La mia mattinata è cominciata nel migliore dei modi. Ho frantumato in mille pezzi una delle mie tazze preferite, una ciotolina blu oceanico che ospita sempre il mio yogurt con il miele. Schegge di vetro ovunque, io che cerco di raccoglierle con la scopa prima che il gatto le mangi. Finisco questa operazione e torno a rigirare i miei fiocchi d’avena sul fornello, accorgendomi solo dopo che dal palmo della mia mano sgorga un fiotto di sangue che sembra inarrestabile. Sospiro e cammino velocemente in bagno per tamponare la ferita con un pezzetto di carta igienica, ma mentre abbasso lo sguardo per strapparne un velo, noto che anche le mie gambe stanno sanguinando, le caviglie, i piedi. Insomma, un macello, sembravo uscita dal film Carrie – Lo sguardo di Satana:

Dato questo inizio scoppiettante, non mi sono stupita quando ho captato, nel tragitto in bus che mi riportava a casa dai miei impegni di cat-sitter, una classica conversazione fra due stronze razziste.
No, non c’è un altro modo di definirle. Se ne stavano sedute in due sedili abbastanza distanti fra loro, una di fronte all’altra, parlando ad un tono di voce abbastanza sostenuto perchè tutti le sentissero chiaramente.
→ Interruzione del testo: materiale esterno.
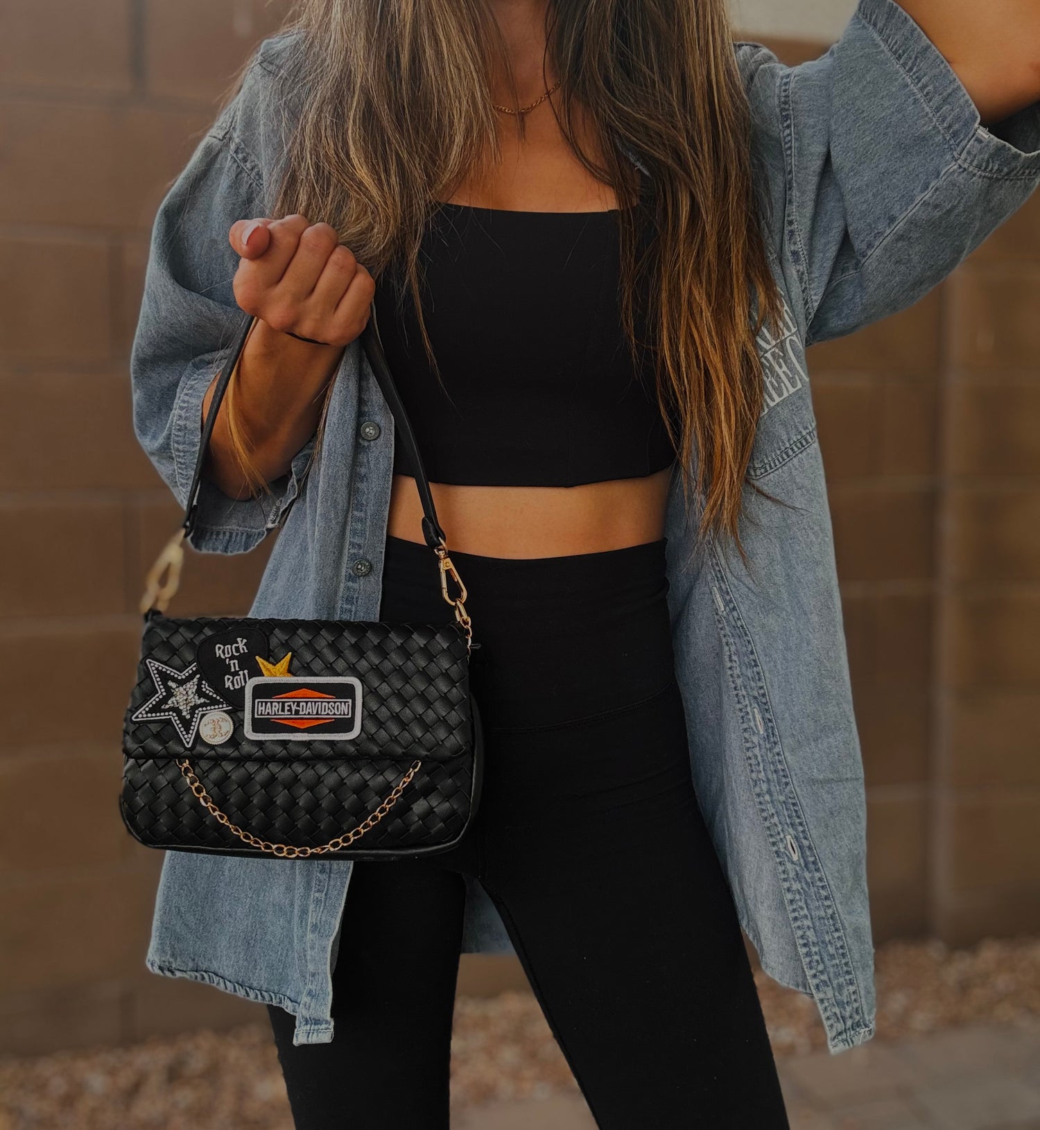 This is The Scottsdale Purse. Made with High quality Vegan Woven Leather. All exterior designs, applications and accessories have been Handmade and created by CM CO.

La stronza razzista più anziana scuoteva la testa con disappunto, con quel modo tipico che sta ad intendere: “Lo so io come funziona il mondo, la vita, lo Stato, tutto“, mentre la più giovane esordiva con le solite solfe, trite e ritrite. La sua collega appena assunta, del Marocco, gira con le borse firmate ed i vestiti di marca. La vuole far credere a tutti, soprattutto a lei, fiera italiana DOC nata e cresciuta su suolo peninsulare italico. Addirittura porta il velo, questa sciagurata africana, come si può sopportare, in un ufficio? Non è professionale. E tutti quelli che arrivano, che sbarcano, che travalicano i nostri sacrosanti confini? Scappano dalla guerra ma hanno tutti il cellulare, vero? Ah, ma non ce la danno mica a bere. Noi lo sappiamo, cosa vogliono, venire qua a non far niente, a poltrire, a mangiare il nostro cibo e sperperare i nostri soldi!
Ora io mi chiedo: se tu dovessi intraprendere un viaggio pericolosissimo, da solo, che sai potrebbe durare addirittura anni, verso un luogo che non conosci e che non sai se ti accoglierà affidando la tua vita nelle mani di violenti sfruttatori che forse ti faranno la grazia di portarti in quel luogo (o forse no, dipende, magari finisci in un campo di tortura in Libia, ma che vuoi che ti dica, è il brivido dell’avventura) non ti porteresti dietro qualcosa per comunicare? Un magico attrezzo che ti permetta di non rimanere completamente isolato, in balia della tua già sfortunata sorte?
E mi chiedo anche dove sta scritto che chi viene dal Marocco -o da qualunque altro posto- sia costretto a rimanere povero a vita in modo da convincere queste fiere esponenti della razza italiana che da dove viene lui la povertà esiste davvero. O che chi è arrivato con lui non è un mendicante sotto mentite spoglie.
Ma soprattutto mi chiedo: ma che cazzo di problemi avete.
Quanto bisogna essere miserabili per scaricare il proprio odio su chi sta peggio di te? E badate bene, che io comprendo la rabbia. Capisco la frustrazione del fare una vita di fatica, la sensazione di essere abbandonati da uno stato che dovrebbe prendersi cura di te e che invece non fa mai abbastanza. La rabbia è sacrosanta.
Ma devi essere un fottuto animale per rivolgerla contro chi è più debole, e contro chi è diverso. Piace vincere facile, vero? Calpestare chi sta già in terra e raccontarti che hai ragione perchè sei meglio di lui, perchè vali di più.
Ho pensato dieci volte di infilarmi in mezzo a loro e gridare a gran voce di andarsene a fanculo, e dieci volte mi sono morsa la lingua. Ho sospirato rumorosamente, alzato gli occhi al cielo facendo in modo che mi vedessero, borbottato fra me e me mentre spulciavo il telefono. Ho guadagnato qualche occhiataccia e un tono di voce più basso.
Avrei dovuto dire qualcosa.. ho mancato di spirito e me ne dispiaccio. Non fate come me, intromettetevi. Sono persone che non si meritano di essere ascoltate, nemmeno per sbaglio.